Model selection identified HKY+I as the optimal model for reconstructing the historical demography of H. manillensis using coalescent theory. Based on climatic events, population dynamics (Figure 6) were divided into five phases (P1–P5): P1 (133–115 kya, kiloyear ago), population expansion, coinciding with the Eemian Interglacial (130–115 kya) [36], suggesting warm interglacial conditions drove sustained growth. P2 (115–26.5 kya), stabilization during the early-to-mid Last Glacial Period (110–26.5 kya) [37], where persistent cooling halted population growth. P3 (26–18 kya), a decline during the Last Glacial Maximum (LGM) during 26.5–19 or 24–17 kya [38,39], with abrupt cooling causing a sharp population reduction. P4 (19–7 kya), rapid expansion post-LGM, linked to climatic warming [38,39]. P5 (7 kya–present), rapid decline associated with gradual global cooling and intensified anthropogenic impacts after 7 kya [40].

4. Discussion

This study extracted all MtPCGs from 74 H. manillensis individuals across seven populations using genome resequencing and assembly, followed by population genetic analyses. Analysis of overall genetic variation revealed significant differences in variation levels among genes. Interestingly, both haplotype diversity and nucleotide diversity exhibited periodic fluctuations. Further investigation showed that the lengths of these 13 genes also followed periodic changes, with haplotype diversity demonstrating an almost perfect logarithmic increase relative to gene length, indicating gene length as a key determinant of haplotype diversity.

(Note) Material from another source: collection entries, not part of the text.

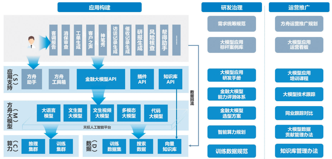 1.三大基石形成强应用支撑。运用金融大模型在多轮对话、逻辑推理、文本生成、情感搜索等方面的优点,建设银行已成功研发投产方舟助手、方舟工具箱、向量知识库三大基础应用。方舟助手为员工提供业务知识问答、文案写作、表单填写、客调报告生成等多样化功能。方舟工具箱是方舟助手的“技能编辑器”,以无代码的开发方式让具有简单基础的员工应用各种行内提供的“人工智能工具”,快速构建服务自身工作、属于自己的“智能体”。向量知识库是方舟助手、方舟工具箱的“专业图书馆”,提供了海量的金融大模型可理解的向量化行内业务知识。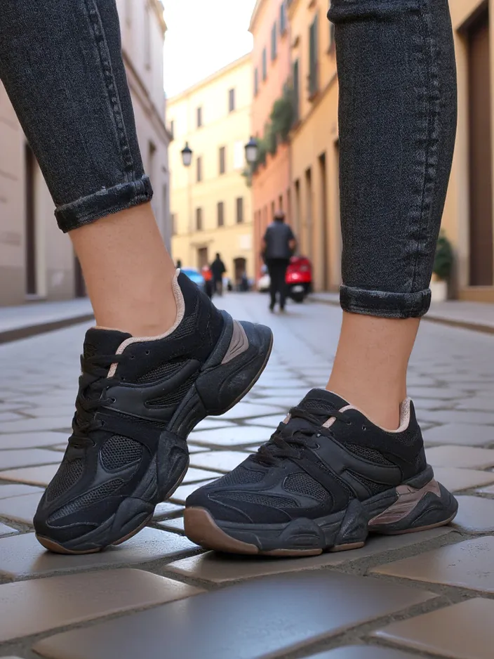 - Dámske športové topánky vyrobené z eko-nubuku a sieťoviny. Model s hrubšou podrážkou. Šnurovací zvršok. Skvele sa hodia k každodenným outfitom!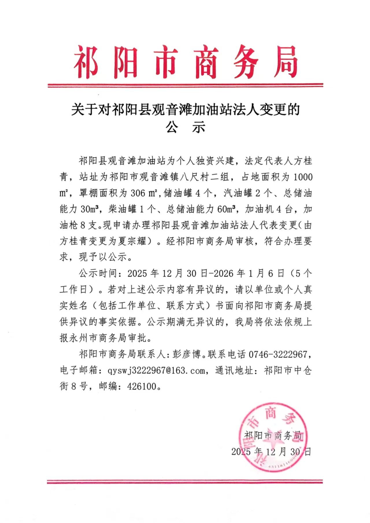 关于对祁阳县观音滩加油站法人代表变更的公示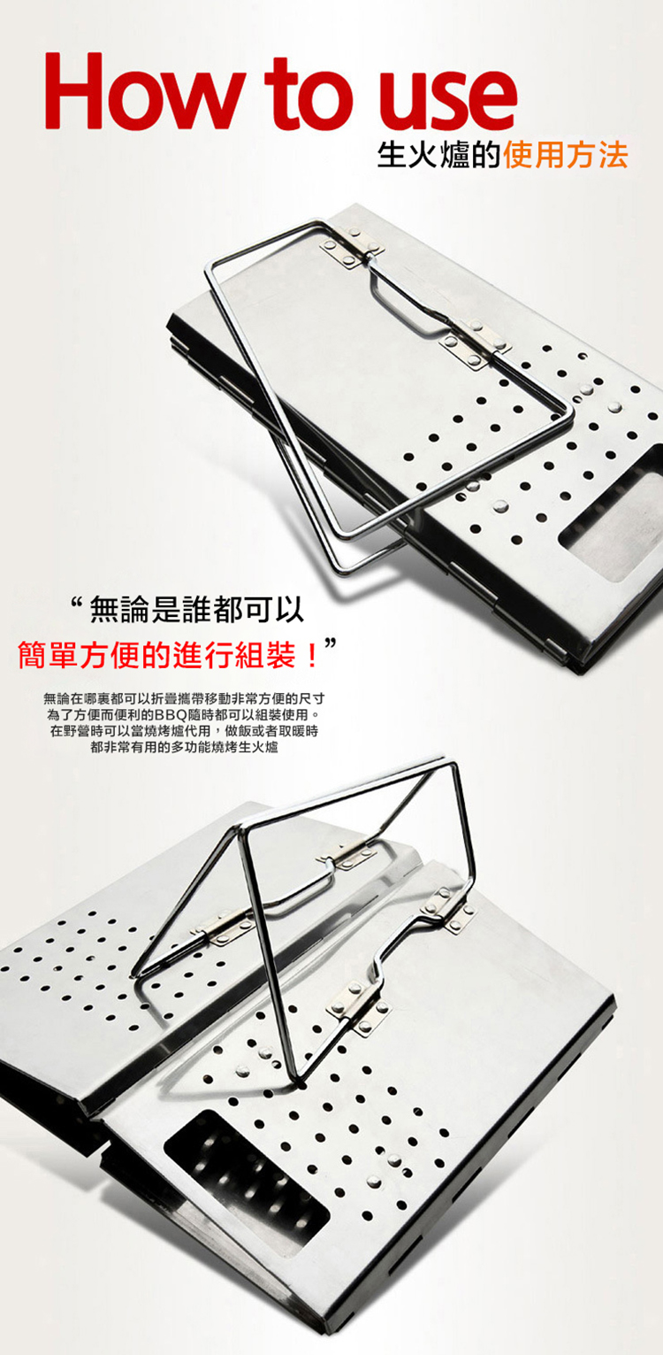 本款產品設計為可收縮的結構,輕鬆展開年可使用,收縮後體積小,攜帶方便,結構簡潔,易於清理,使用安全。儲存的時候,只需將燒烤爐收縮,放在家中的小角落即可,不佔空間;採用木炭為燃燒材料,適合戶外休閒燒烤,也適用於家中使用。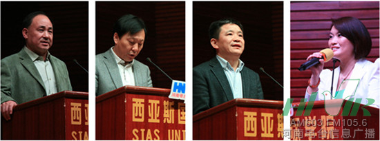左起:鄭州大學(xué)西亞斯國際學(xué)院黨委書記費(fèi)鶴祥 河南人民廣播電臺副臺長李海軍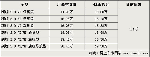 據(jù)4S店銷售人員介紹,目前購買凱旋可以優(yōu)惠1.1萬元,目前現(xiàn)車主要都是自動檔車型,主要有黑色、灰色可供選擇,而手動精英型和手動尊貴型則需要接受預(yù)訂,訂金為1000元,10個工作日可提車。

Haplotype diversity is defined as the probability that two randomly sampled sequences differ [41]. Theoretically, longer sequences increase the probability of divergence between two randomly selected sequences. Thus, the strong positive correlation between haplotype diversity and gene length aligns with expectations. Conversely, nucleotide diversity is defined as the average number of nucleotide differences per site in pairwise sequence comparisons [41], a metric inherently independent of sequence length. Consequently, the weak correlation between nucleotide diversity and gene length suggests uneven evolutionary rates among genes. Strikingly, the nucleotide diversity values of the 13 MtPCGs exhibited a near-perfect periodic pattern of alternating low and high values—a phenomenon unreported previously, warranting further investigation into its mechanism.

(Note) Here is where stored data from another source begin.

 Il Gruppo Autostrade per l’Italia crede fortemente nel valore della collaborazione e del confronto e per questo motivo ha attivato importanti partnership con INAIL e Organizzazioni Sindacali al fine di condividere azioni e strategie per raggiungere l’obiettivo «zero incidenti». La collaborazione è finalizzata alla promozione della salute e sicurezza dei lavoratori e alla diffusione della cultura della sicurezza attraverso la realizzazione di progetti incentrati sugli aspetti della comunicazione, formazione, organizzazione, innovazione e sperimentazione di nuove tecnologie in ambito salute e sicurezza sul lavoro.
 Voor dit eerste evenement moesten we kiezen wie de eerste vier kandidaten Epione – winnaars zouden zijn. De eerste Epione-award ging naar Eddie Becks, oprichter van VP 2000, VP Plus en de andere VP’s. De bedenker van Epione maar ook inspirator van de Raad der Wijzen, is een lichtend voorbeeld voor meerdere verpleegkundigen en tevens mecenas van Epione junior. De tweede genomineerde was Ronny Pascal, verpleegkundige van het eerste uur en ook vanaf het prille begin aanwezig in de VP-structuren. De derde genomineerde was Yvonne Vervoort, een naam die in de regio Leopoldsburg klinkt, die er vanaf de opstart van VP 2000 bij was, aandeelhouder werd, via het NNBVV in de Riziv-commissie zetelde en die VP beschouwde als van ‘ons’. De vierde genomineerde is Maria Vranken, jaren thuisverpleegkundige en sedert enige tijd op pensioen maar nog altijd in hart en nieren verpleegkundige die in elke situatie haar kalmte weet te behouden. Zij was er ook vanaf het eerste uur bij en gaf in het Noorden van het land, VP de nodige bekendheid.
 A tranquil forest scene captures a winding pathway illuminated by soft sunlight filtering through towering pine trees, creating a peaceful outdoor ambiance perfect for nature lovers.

Analysis based on concatenated MtPCGs revealed haplotype diversity > 0.5 and nucleotide diversity < 0.005 across all populations. According to Grant and Bowen [42], this pattern indicates a “population bottleneck followed by rapid population growth and accumulation of mutations.” This aligns with historical demographic analyses, which confirm that H. manillensis experienced a short-term population decline during the Last Glacial Maximum, followed by rapid expansion. Our historical population dynamic reconstruction further details distinct phases: population growth (P1), prolonged stability (P2), rapid decline (P3), rapid growth (P4), and secondary decline (P5)—all closely correlated with historical climatic events. As blood-feeding organisms, their survival depends critically on host abundance. Glacial–interglacial cycles profoundly impacted faunal dynamics, inevitably influencing the leech’s effective population size [43]. This highlights blood-feeding animals as valuable models for studying species-environment historical interactions.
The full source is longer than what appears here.